-- Exercise aim --
Using the data below, reproduce exactly the lines from the line with "The evcX is" to the line with "Yükü vicdan olan", both included; pictures must be dropped.

-- Data to use --
+++

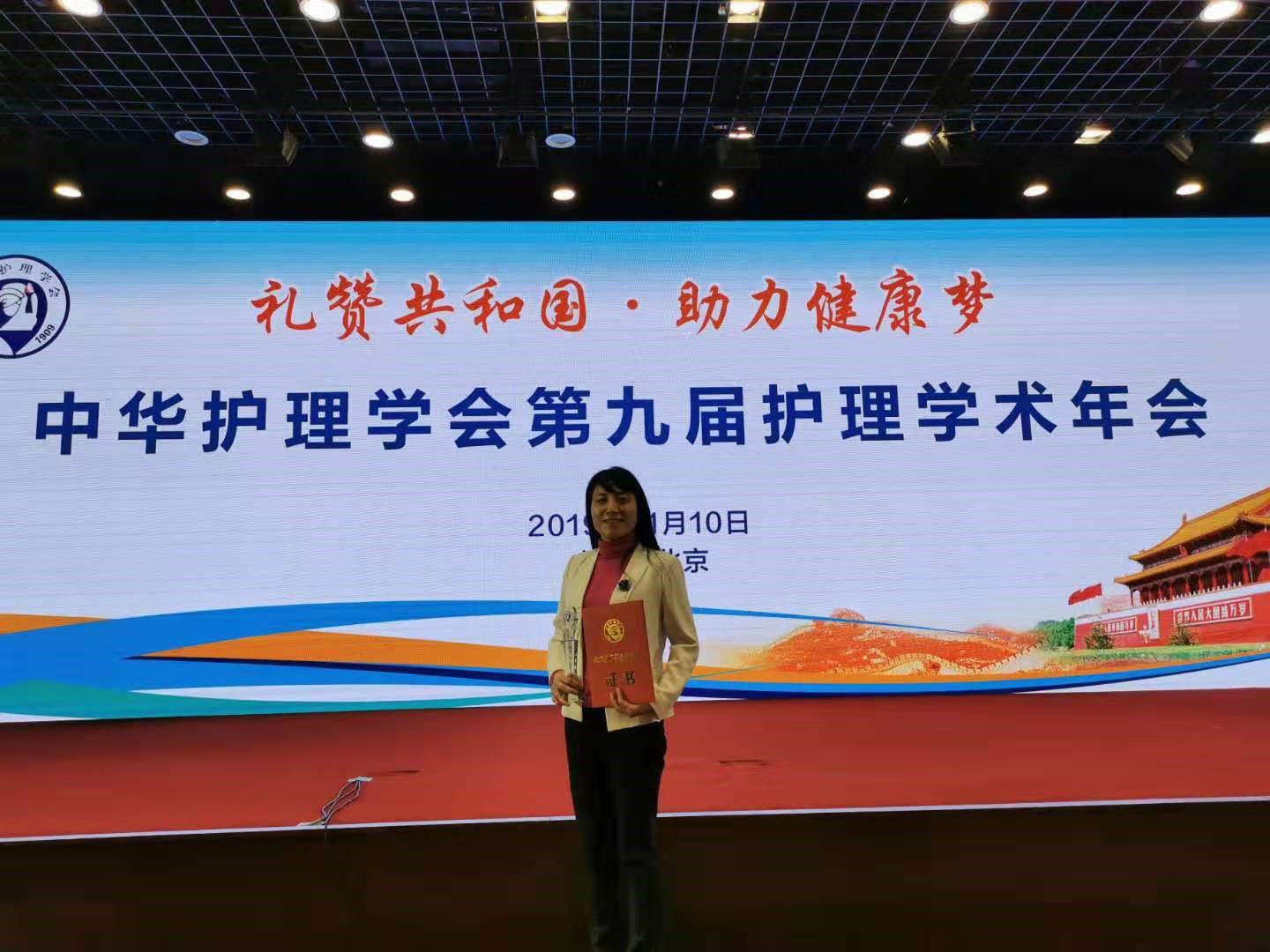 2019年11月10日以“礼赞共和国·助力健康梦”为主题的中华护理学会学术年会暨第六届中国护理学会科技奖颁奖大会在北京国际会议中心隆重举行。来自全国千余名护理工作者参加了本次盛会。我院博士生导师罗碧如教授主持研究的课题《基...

+++

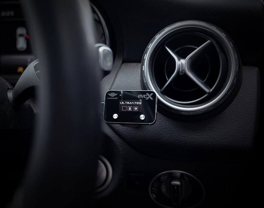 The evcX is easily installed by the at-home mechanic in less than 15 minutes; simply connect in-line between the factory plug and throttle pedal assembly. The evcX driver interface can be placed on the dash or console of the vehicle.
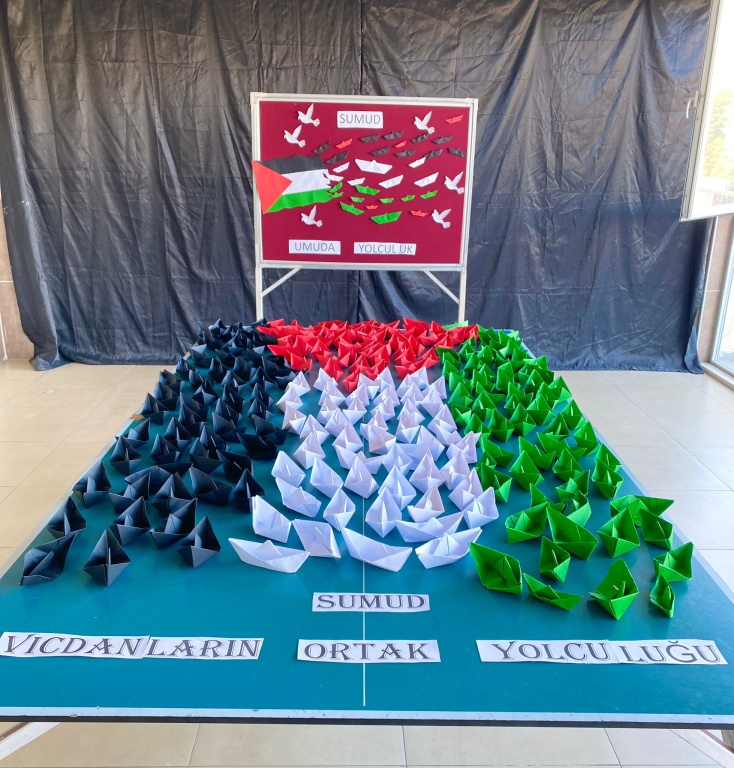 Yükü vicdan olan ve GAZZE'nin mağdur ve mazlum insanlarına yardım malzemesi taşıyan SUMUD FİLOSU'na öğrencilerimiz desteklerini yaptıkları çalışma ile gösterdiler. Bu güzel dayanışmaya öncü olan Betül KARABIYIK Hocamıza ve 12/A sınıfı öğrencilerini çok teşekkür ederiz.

+++

-- Solved problem --
 The evcX is easily installed by the at-home mechanic in less than 15 minutes; simply connect in-line between the factory plug and throttle pedal assembly. The evcX driver interface can be placed on the dash or console of the vehicle.
 Yükü vicdan olan ve GAZZE'nin mağdur ve mazlum insanlarına yardım malzemesi taşıyan SUMUD FİLOSU'na öğrencilerimiz desteklerini yaptıkları çalışma ile gösterdiler. Bu güzel dayanışmaya öncü olan Betül KARABIYIK Hocamıza ve 12/A sınıfı öğrencilerini çok teşekkür ederiz.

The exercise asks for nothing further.